AI model’s insight helps astronomers propose new theory for observing far-off worlds

Machine learning models are increasingly augmenting human processes, either performing repetitious tasks faster or providing some systematic insight that helps put human knowledge in perspective. Astronomers at UC Berkeley were surprised to find both happen after modeling gravitational microlensing events, leading to a new unified theory for the phenomenon.

Gravitational lensing occurs when light from far-off stars and other stellar objects bends around a nearer one directly between it and the observer, briefly giving a brighter — but distorted — view of the farther one. Depending on how the light bends (and what we know about the distant object), we can also learn a lot about the star, planet or system that the light is bending around.

For example, a momentary spike in brightness suggests a planetary body transiting the line of sight, and this type of anomaly in the reading, called a “degeneracy” for some reason, has been used to spot thousands of exoplanets.

Due to the limitations of observing them, it’s difficult to quantify these events and objects beyond a handful of basic notions like their mass. And degeneracies are generally considered to fall under two possibilities: that the distant light passed closer to either the star or the planet in a given system. Ambiguities are often reconciled with other observed data, such as that we know by other means that the planet is too small to cause the scale of distortion seen.

UC Berkeley doctoral student Keming Zhang was looking into a way to quickly analyze and categorize such lensing events, as they appear in great number as we survey the sky more regularly and in greater detail. He and his colleagues trained a machine learning model on data from known gravity microlensing events with known causes and configurations, then set it free on a bunch of others less well quantified.

The results were unexpected: in addition to deftly calculating when an observed event fell under one of the two main degeneracy types, it found many that didn’t.

“The two previous theories of degeneracy deal with cases where the background star appears to pass close to the foreground star or the foreground planet. The AI algorithm showed us hundreds of examples from not only these two cases, but also situations where the star doesn’t pass close to either the star or planet and cannot be explained by either previous theory,” said Zhang in a Berkeley news release.
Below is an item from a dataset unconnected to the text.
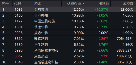 港股通创新药ETF(159570)标的指数热门股多数飘绿:石药集团利好落地跌超10%,中国生物制药、三生制药、科伦博泰生物-B跌超2%,百济神州、金斯瑞生物科技跌超1%,信达生物微跌。
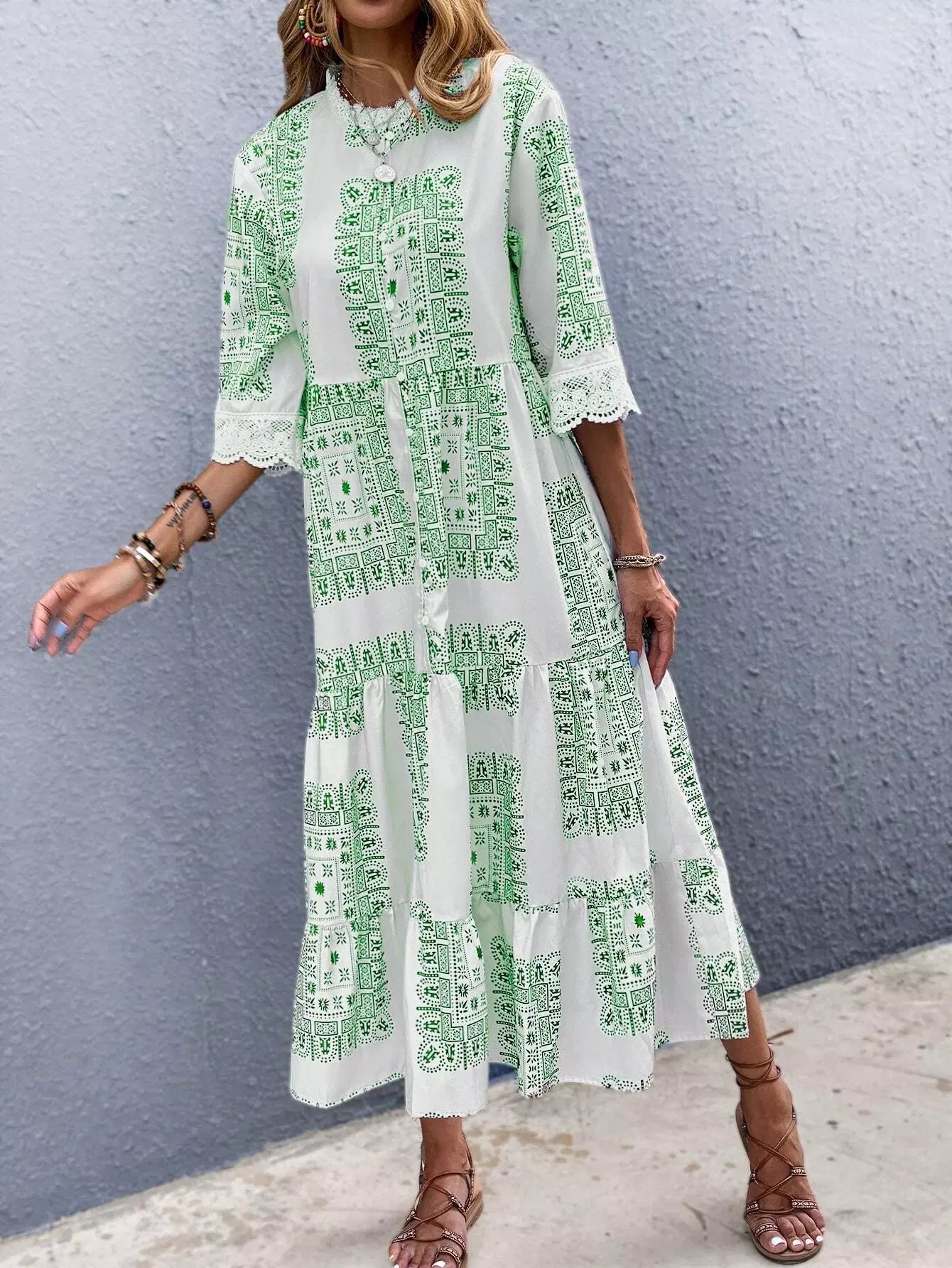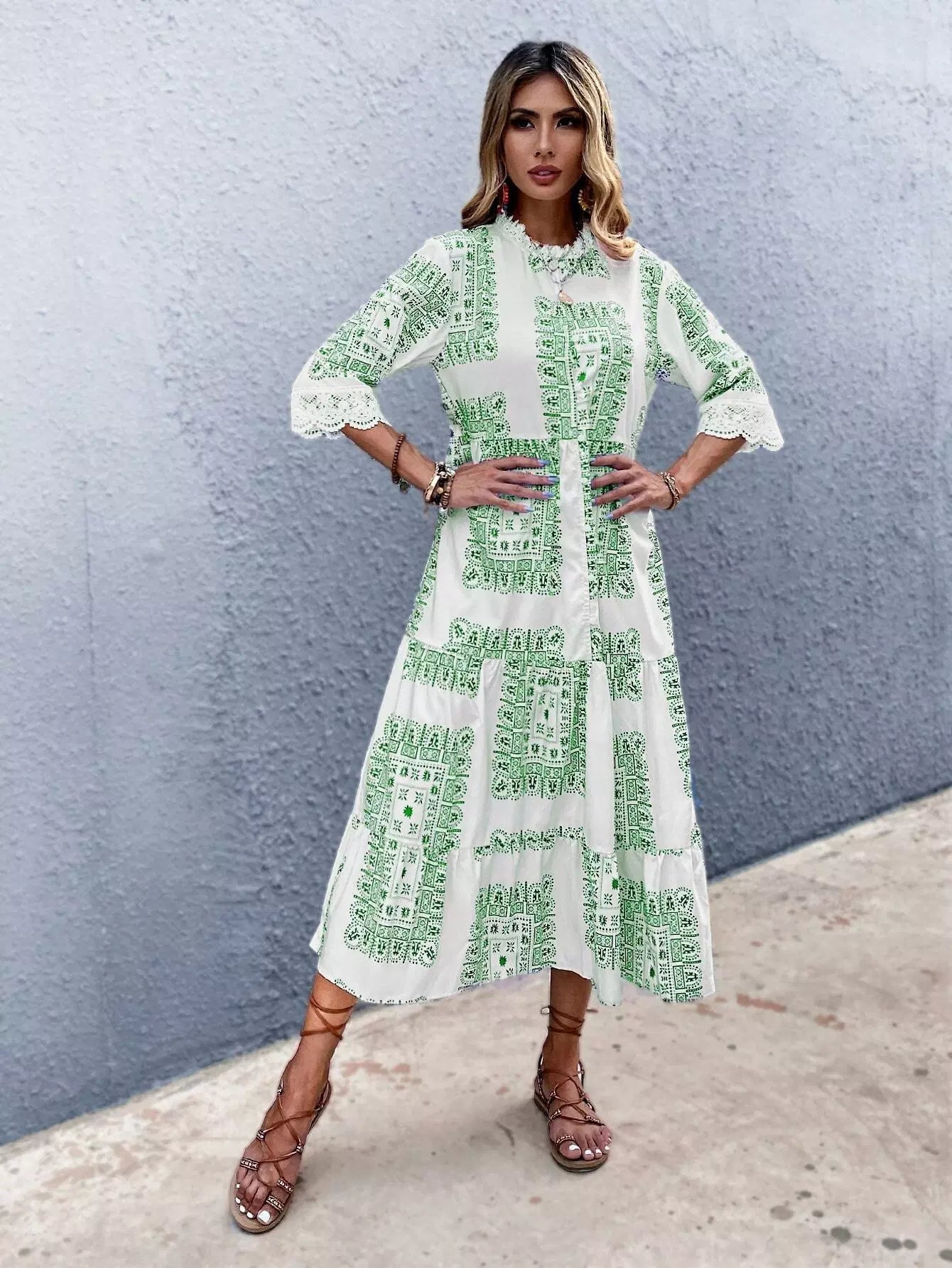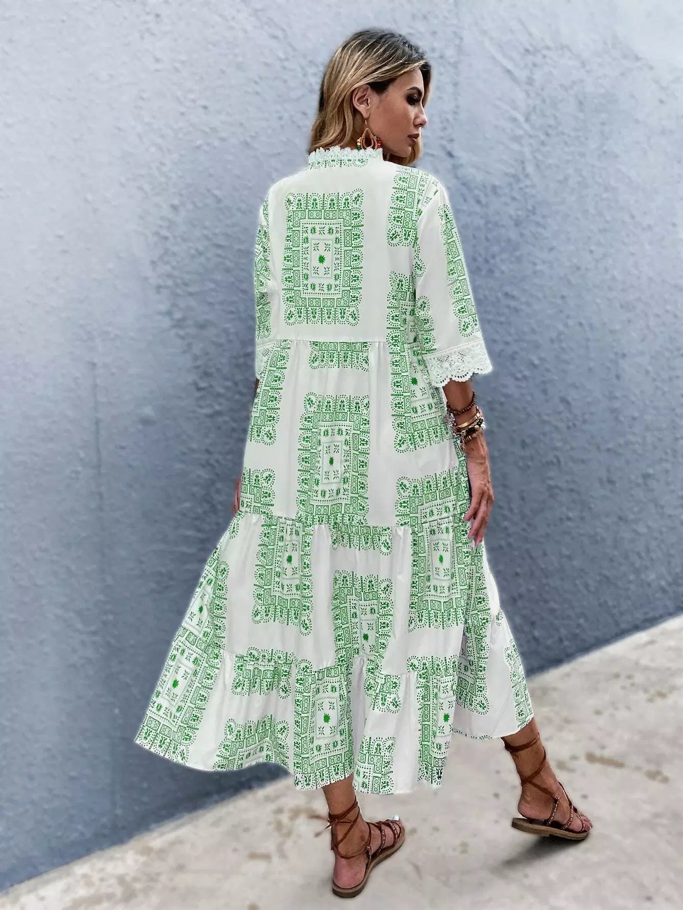 فستان بطبعة كاملة مع كشكشة على الرقبة

Now, this could very well have resulted from a badly tuned model or one that simply wasn’t confident enough in its own calculations. But Zhang seemed convinced that the AI had clocked something that human observers had systematically overlooked.

As a result — and after some convincing, since a grad student questioning established doctrine is tolerated but perhaps not encouraged — they ended up proposing a new, “unified” theory of how degeneracy in these observations can be explained, of which the two known theories were simply the most common cases.

Diagram showing a simulation of a 3-lens degeneracy solution.

Diagram showing a simulation of a 3-lens degeneracy solution. Image Credits: Zhang et al

They looked at two dozen recent papers observing microlensing events and found that astronomers had been mistakenly categorizing what they saw as one type or the other when the new theory fit the data better than both.

“People were seeing these microlensing events, which actually were exhibiting this new degeneracy but just didn’t realize it. It was really just the machine learning looking at thousands of events where it became impossible to miss,” said Scott Gaudi, an Ohio State University astronomy professor who co-authored the paper.

To be clear, the AI didn’t formulate and propose the new theory — that was entirely down to the human intellects. But without the systematic and confident calculations of the AI, it’s likely the simplified, less correct theory would have persisted for many more years. Just as people learned to trust calculators and later computers, we are learning to trust some AI models to output an interesting truth clear of preconceptions and assumptions — that is, if we haven’t just coded our own preconceptions and assumptions into them.

The new theory and description of the process leading up to it are described in a paper published in the journal Nature Astronomy. It’s probably not news to the astronomers among our readership (it was a pre-print last year) but the machine learning and general science wonks may cherish this interesting development.